Data for review:

━━━━━━━━━━━━━━━━━━━━

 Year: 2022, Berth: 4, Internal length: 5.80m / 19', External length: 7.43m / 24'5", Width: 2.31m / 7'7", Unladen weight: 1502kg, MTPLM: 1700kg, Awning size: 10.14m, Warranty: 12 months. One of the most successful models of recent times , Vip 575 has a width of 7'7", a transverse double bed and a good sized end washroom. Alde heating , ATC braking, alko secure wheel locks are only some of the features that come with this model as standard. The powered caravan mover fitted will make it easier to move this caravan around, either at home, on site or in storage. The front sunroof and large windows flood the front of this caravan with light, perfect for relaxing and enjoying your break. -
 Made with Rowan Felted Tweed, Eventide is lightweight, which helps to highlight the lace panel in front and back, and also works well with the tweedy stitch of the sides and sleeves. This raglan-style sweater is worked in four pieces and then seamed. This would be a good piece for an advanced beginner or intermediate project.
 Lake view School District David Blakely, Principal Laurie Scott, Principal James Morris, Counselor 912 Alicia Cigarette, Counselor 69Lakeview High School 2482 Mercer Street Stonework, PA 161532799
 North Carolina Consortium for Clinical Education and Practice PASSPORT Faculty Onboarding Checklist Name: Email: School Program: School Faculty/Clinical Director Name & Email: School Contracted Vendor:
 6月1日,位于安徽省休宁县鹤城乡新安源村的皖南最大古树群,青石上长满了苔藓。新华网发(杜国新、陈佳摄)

━━━━━━━━━━━━━━━━━━━━

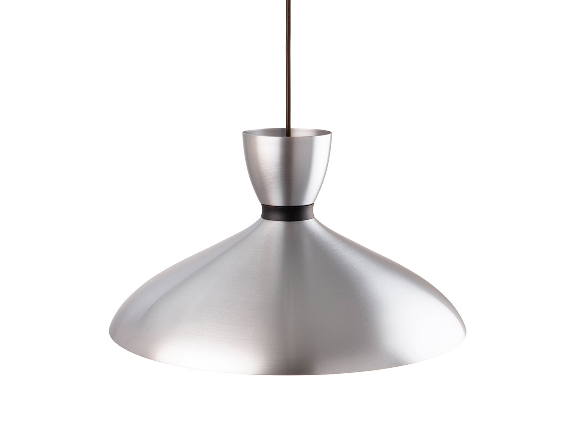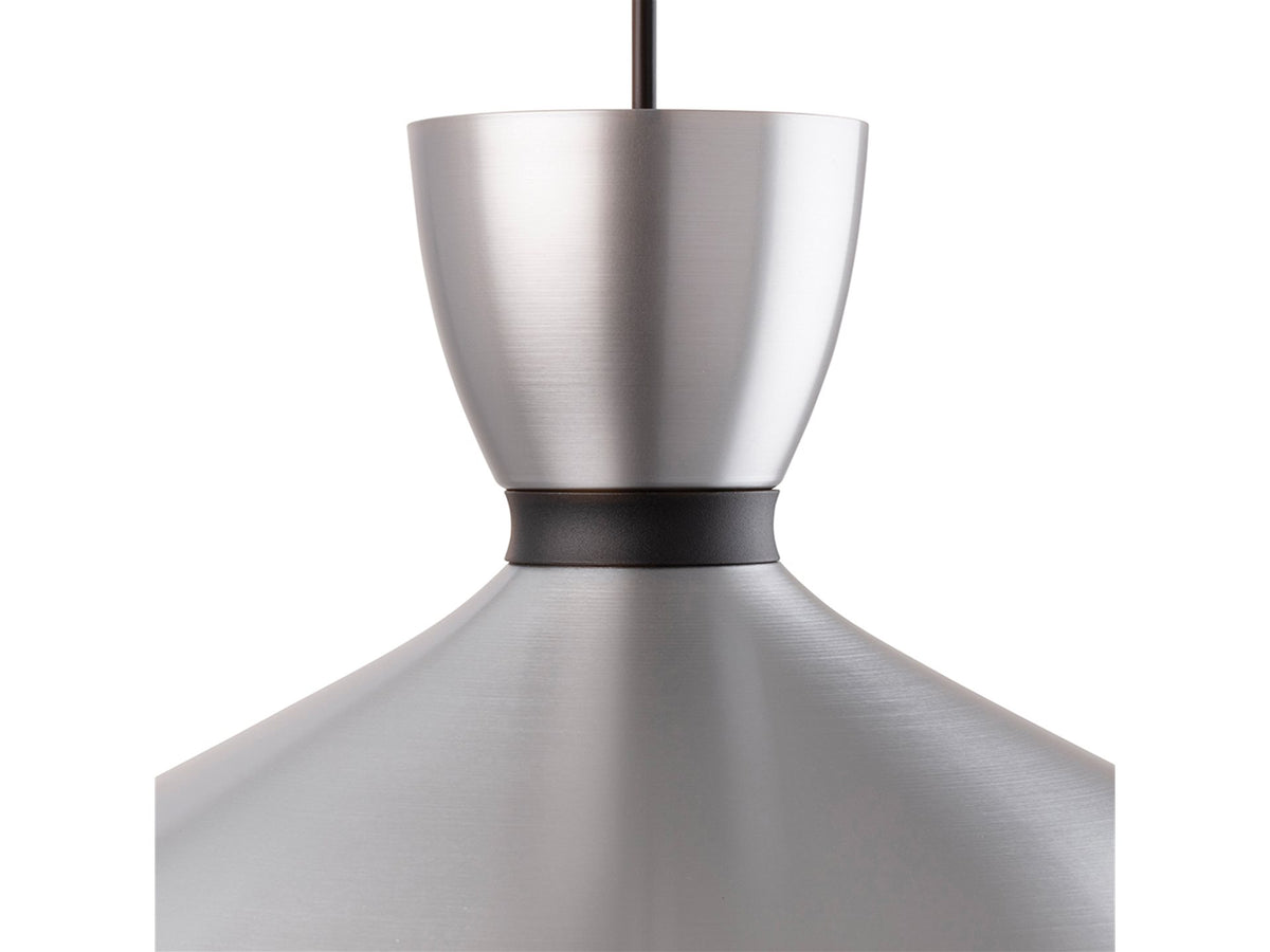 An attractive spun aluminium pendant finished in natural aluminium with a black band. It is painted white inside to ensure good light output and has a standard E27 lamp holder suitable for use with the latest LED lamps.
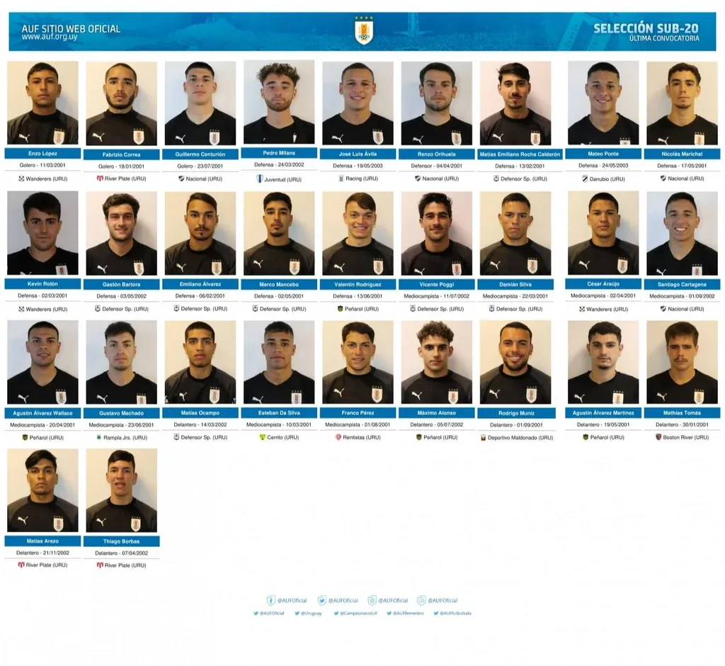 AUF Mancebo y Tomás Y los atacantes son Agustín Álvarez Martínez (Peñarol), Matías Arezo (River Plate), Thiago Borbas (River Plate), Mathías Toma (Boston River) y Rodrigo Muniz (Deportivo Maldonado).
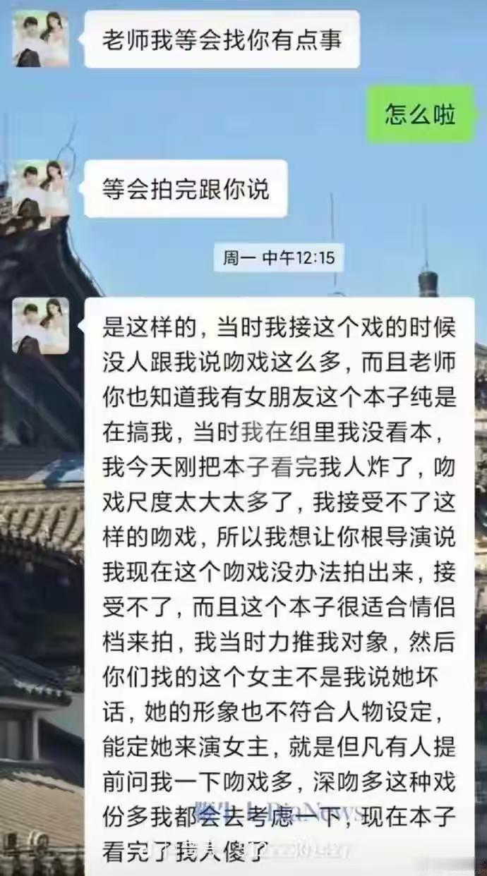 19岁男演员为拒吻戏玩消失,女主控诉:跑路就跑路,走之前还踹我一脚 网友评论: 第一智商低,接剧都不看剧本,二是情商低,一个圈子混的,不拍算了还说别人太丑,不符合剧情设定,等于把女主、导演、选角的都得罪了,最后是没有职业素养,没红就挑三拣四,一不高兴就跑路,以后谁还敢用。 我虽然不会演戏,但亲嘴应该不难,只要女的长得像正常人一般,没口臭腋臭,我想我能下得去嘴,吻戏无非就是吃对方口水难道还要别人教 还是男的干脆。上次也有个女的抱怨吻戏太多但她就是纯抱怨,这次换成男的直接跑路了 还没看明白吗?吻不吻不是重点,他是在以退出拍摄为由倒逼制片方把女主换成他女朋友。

━━━━━━━━━━━━━━━━━━━━

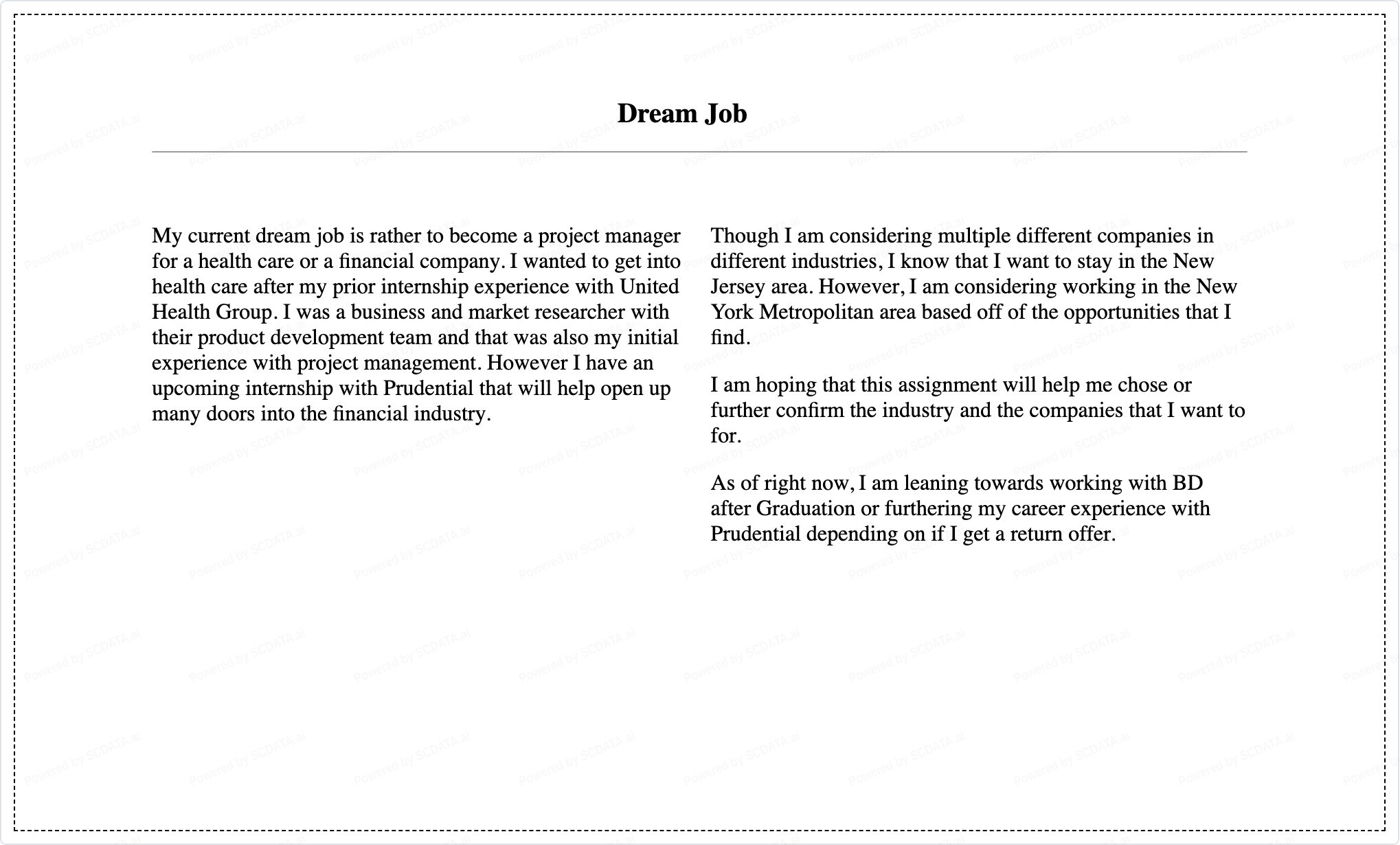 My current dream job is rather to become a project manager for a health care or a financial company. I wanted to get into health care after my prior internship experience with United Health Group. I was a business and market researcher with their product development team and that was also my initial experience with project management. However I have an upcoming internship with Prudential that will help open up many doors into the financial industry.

━━━━━━━━━━━━━━━━━━━━

Exercise details:
Return each line of the preceding material in which "School" can be found.

Exercise result:
 Lake view School District David Blakely, Principal Laurie Scott, Principal James Morris, Counselor 912 Alicia Cigarette, Counselor 69Lakeview High School 2482 Mercer Street Stonework, PA 161532799
 North Carolina Consortium for Clinical Education and Practice PASSPORT Faculty Onboarding Checklist Name: Email: School Program: School Faculty/Clinical Director Name & Email: School Contracted Vendor:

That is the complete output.